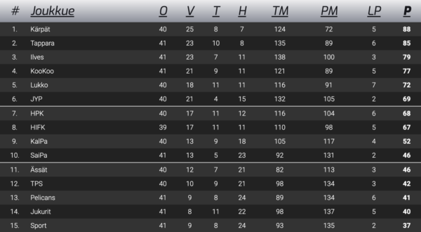HIFK:n viikon ensimmäinen matsi pelataan tänään keskiviikkona Nordiksella. Vastaansa stadilaiset saavat pudotuspelipaikasta taistelevan Ässä-ryhmän. Joukkueet ovat kohdanneet kahdesti aiemmin tällä kaudella ja voitot ovat tasan 1-1.
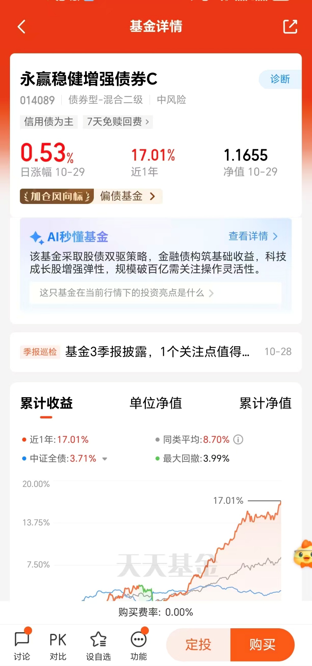 这款基金采用"债基打底+权益增强"的经典策略,底层债券以高等级信用债为主,搭配利率债优化久期,构建起稳固的收益基础。权益部分则精选低估值、高股息标的,并灵活配置可转债增强弹性,在市场波动中实现进退有据。业绩数据显示,该基金近1周收蛋167颗,近1月上涨2.09%,近三月上涨5.62%,近1年更是大涨17.01%,多阶段收益均跑赢同类产品。
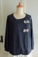 color 生成×ネイビー、素材 cotton100%、(別布/付け襟 cotton100%)、made in Japan、size F、着丈85m、バスト104cm、袖丈45cm、肩幅38cm
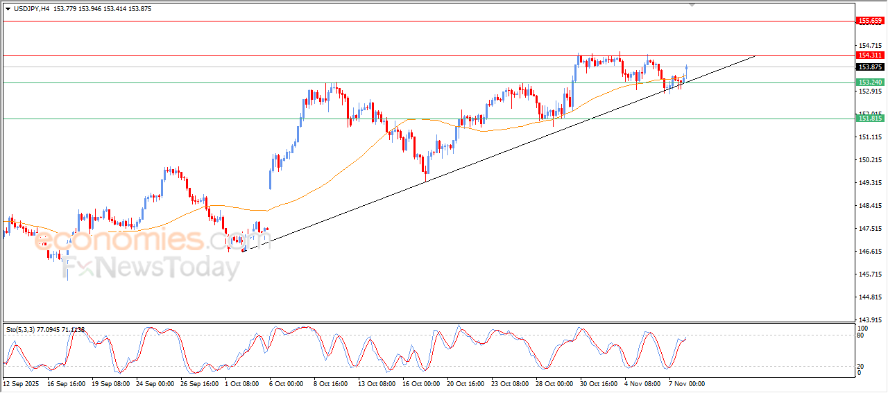The (USDJPY) surged higher in its last intraday trading, due to its leaning on a main bullish trend line on the short-term basis, gaining bullish momentum, supported by the emergence of the bullish signs on the relative strength indicators, to get rid of the negative pressure of the EMA50, and attacking the key resistance level at 154.30, which reinforces the chances of targeting new resistance levels on the intraday basis.
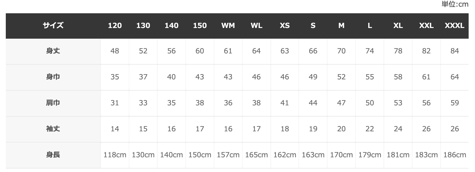 サイズは、120cmのキッズサイズからXXXLまで計13サイズの豊富に展開しています。

□ □ □

_PROBLEM REQUIREMENTS:_ Write out the lines above from the one with "color 生成×ネイビー、素材 cotton100%、(別布/付け襟" through the one with "The (USDJPY) surged", ends included, exactly; no picture goes in.

_SOLUTION:_
 color 生成×ネイビー、素材 cotton100%、(別布/付け襟 cotton100%)、made in Japan、size F、着丈85m、バスト104cm、袖丈45cm、肩幅38cm
The (USDJPY) surged higher in its last intraday trading, due to its leaning on a main bullish trend line on the short-term basis, gaining bullish momentum, supported by the emergence of the bullish signs on the relative strength indicators, to get rid of the negative pressure of the EMA50, and attacking the key resistance level at 154.30, which reinforces the chances of targeting new resistance levels on the intraday basis.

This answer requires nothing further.